Bond Additivity and Persistent Geometric Imprints of Entanglement in Quantum Thermalization

TL;DR

This paper introduces a new framework called multi-bipartition entanglement tomography to analyze the geometric structure of entanglement in quantum many-body systems, revealing a bond-additive law and distinguishing thermalization mechanisms.

Contribution

It presents the bond-additive law and entanglement bond tensions as novel tools for probing entanglement geometry, and applies them to different quantum dynamics to uncover fundamental differences.

Findings

Entanglement entropy decomposes into bulk and geometric contributions.

Hamiltonian thermalized states retain a persistent geometric imprint.

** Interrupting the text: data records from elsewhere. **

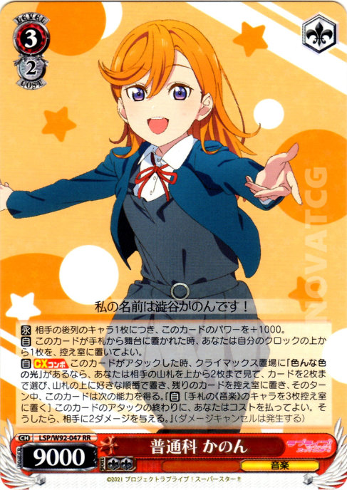 [A] – CX COMBO When this card attacks, if you have [色んな色の光] in your Climax Zone, look at up to two cards from the top of your opponent’s Deck two cards among them, put them on top of opponent’s Deck in any order, send the remaining cards to Waiting Room, during this turn this card gains the following effect:
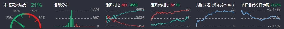 3、两市共483只个股上涨,29只个股涨停,4543只个股下跌,15只个股跌停,19只股票炸板,炸板率40%。
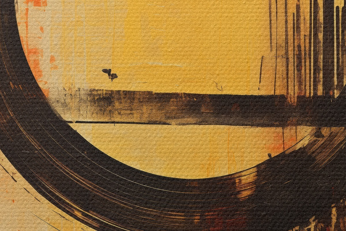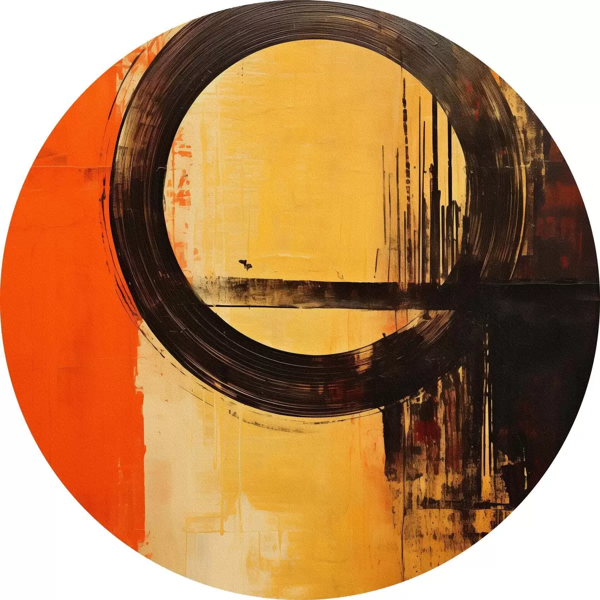 Obrázek Abstraktní motiv s černým prstencem na terakotově-pískovém pozadí Nr r46529

Random circuits and Floquet dynamics erase the geometric structure.

Abstract

Characterizing the intricate structure of entanglement in quantum many-body systems remains a central challenge, as standard measures often obscure underlying geometric details. In this Letter, we introduce a powerful framework, termed multi-bipartition entanglement tomography, which probes the fine structure of entanglement across an exhaustive ensemble of distinct bipartitions. Our cornerstone is the discovery of a ``bond-additive law'', which reveals that the entanglement entropy can be precisely decomposed into a bulk volume-law baseline plus a geometric correction formed by a sum of local contributions from crossed bonds of varying ranges. This law distills complex entanglement landscapes into a concise set of entanglement bond tensions $\{\omega_j\}$, serving as a quantitative fingerprint of interaction locality. By applying this tomography to Hamiltonian dynamics, random quantum circuits, and Floquet dynamics, we resolve a fundamental distinction between thermalization mechanisms: Hamiltonian thermalized states retain a persistent geometric imprint characterized by a significantly non-zero $\omega_1$, while this structure is completely erased in random quantum circuit and Floquet dynamics. Our work establishes multi-bipartition entanglement tomography as a versatile toolbox for the geometric structure of quantum information in many-body systems.